The only roles Michael Caine couldn’t refuse: “Now I get the most beautiful part”

When Michael Caine first achieved fame in his 30s, he admitted he was like a kid in a candy store. The working-class East End boy, born Maurice Joseph Micklewhite to a fish market porter and a cleaner, was suddenly a film actor, and he quickly snapped up every role that came his way. It took him until he was an established star to realise he didn’t need to accept every part offered to him, and over the years, he developed a system that meant only certain parts passed muster. In fact, by the time he was in his ’60s, he resolved only to take roles he couldn’t refuse.

It’s hard to imagine now, given Caine spent most of the 2000s and ’10s as one of Hollywood’s most in-demand elder statesmen, but there was a time when he considered walking away from acting entirely. In the ’90s, he had aged out of leading roles and been reduced to pulling villain duties in the Steven Seagal movie On Deadly Ground. That wasn’t even the worst experience he had in the decade, though, claiming another one “almost finished me off.”

The trouble started when Caine was offered the chance to reprise his iconic Ipcress File role of Harry Palmer. The problem was that the format wasn’t a new silver screen adventure for the ’60s spy. Instead, Caine was being pitched two television movies shot back to back that would be aired in ’95 and ’96 on Showtime.

Ultimately, Bullet to Beijing and Midnight In Saint Petersburg was his “worst professional experience ever.” While shooting in Russia, the hotel Caine stayed in was a hub of Russian Mafia activity, and the lavatory facilities at the studio were so filthy that he admitted, “I went outside and relieved myself against the sound stage, which I noticed several other men had done before.” He couldn’t help thinking, “So, this is where my career has ended, I thought to myself: in the toilet. I’m done.”

Instead of jacking it all in and walking away, though, Caine decided to alter his whole approach to his roles. He devised three golden rules and resolved that he wouldn’t say “yes” if even one weren’t fulfilled. The simple criteria were as follows: “Good director, even if unknown,” “Good screenplay,” and “Good location, and can bring my family.”
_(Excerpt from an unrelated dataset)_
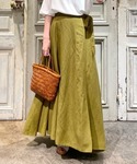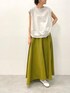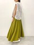 【cutsewn】着用サイズ:F 背中がリネンでさらっと着心地の良いカットソー。 ライトグレーのカラーはカラーボトムとも相性が良いです。 ビアズリーオリジナルで作られたチェックの生地がさりげなく、普段柄を着ない方でも着やすいお色です。 伸縮性:なし(前身頃はカットソーなのであり) 透け感:なし 裏地 :なし 【skirt】着用サイズ:F たっぷり生地を使い、揺れるドレープが綺麗なフレア巻きスカート。 ウエストにぐるっと一周紐が通り、左のウエストで結んで留めるデザイン。 内側にはボタンが付くのでひらっとめくれる心配もありません。 明るめなカーキのお色で、ラフにTシャツ合わせも素敵です。 着丈は私の身長でくるぶし見える長さになります。 伸縮性:なし 透け感:なし 裏地 :なし 【shoes】 真っ白なレザーのスリッポン。 ソールのさりげないステッチがポイントです。

You see, Caine realised that his working-class mentality had led to decisions that beget bad movies. In 2020, he told The Saturday Evening Post, “Early on, I took everything because I had no money and I came from a very poor family. Once I started making movies, I thought no one was going to offer me another one, so I always took the next one.” However, his career was in a new phase. He was no longer in a position where he needed to work to live – so he could afford to be choosier than ever before.

“I only do things that I absolutely cannot refuse,” Caine revealed before rattling off a list of roles in movies like The Quiet American – which notched him an Oscar nomination – Austin Powers in Goldmember, Miss Congeniality, and Batman Begins that more than fulfilled his three golden rules. “I could not refuse Phillip Noyce offering me The Quiet American. I couldn’t refuse being Austin Powers’ father or Sandy Bullock’s beauty mentor, and, of course, the butler in Batman.”
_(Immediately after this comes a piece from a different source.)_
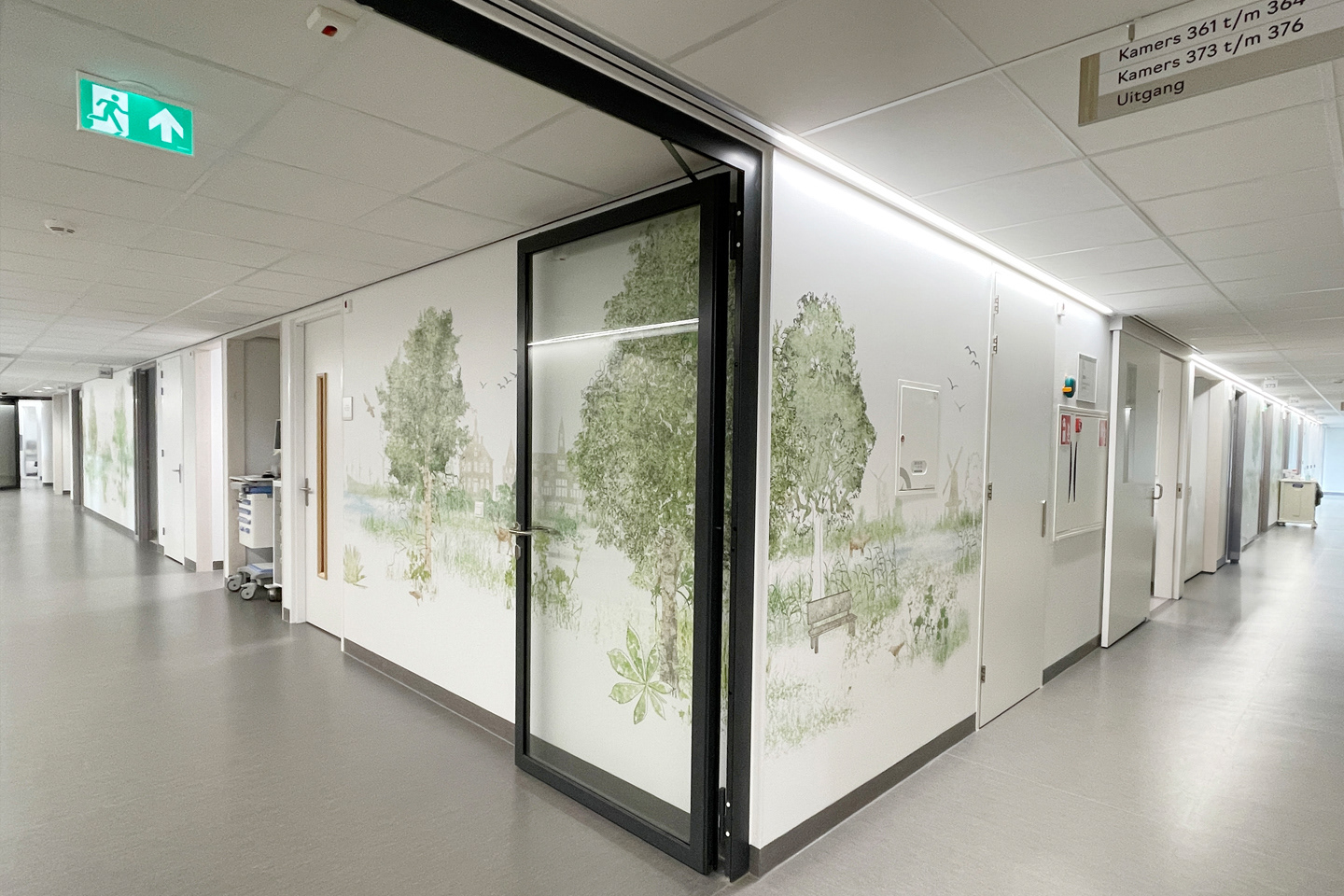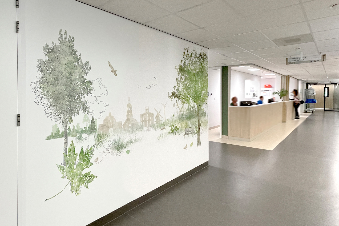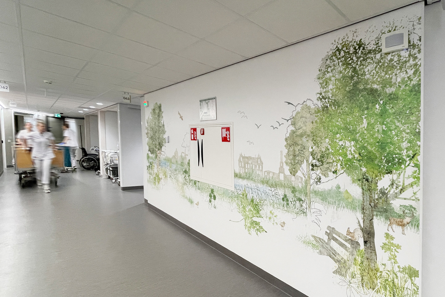 Voor het st Jansdal ziekenhuis ontwierp ik een grafische stijl die aansluit bij de grafische stijl van de kinderafdeling, maar met een eigen identiteit. Waarbij de nadruk bij de kinderafdeling op de dieren ligt, ligt hier de focus op het landschap. Iedere afdeling heeft een unieke samenstelling van gebouwen uit de omgeving, die in wisselende samenstelling (als verbeelding van de omliggende dorpen) op de horizon te zien zijn. Dit zorgt voor herkenningspunten voor de patiënten die uit Harderwijk en omgeving komen.

This change in strategy paid dividends for Caine, who starred in significantly more big movies in his last 20+ years as a star than he did in the ’90s. They weren’t always good films – we’re looking at you, Journey 2: The Mysterious Island and The Last Witch Hunter – but at least they were chosen for the right reasons. “From then on, the mistakes I made in choosing roles were genuine mistakes,” Caine explained. “I thought it would be a good movie, and it wasn’t. That was that.”

In the end, Caine could even make his peace with being too old to play the swashbuckling hero or the romantic lead anymore. He smiled, “One thing now is I don’t get the girl; I get the part. When I used to get the girl, she’d be the most beautiful. Now I get the most beautiful part.”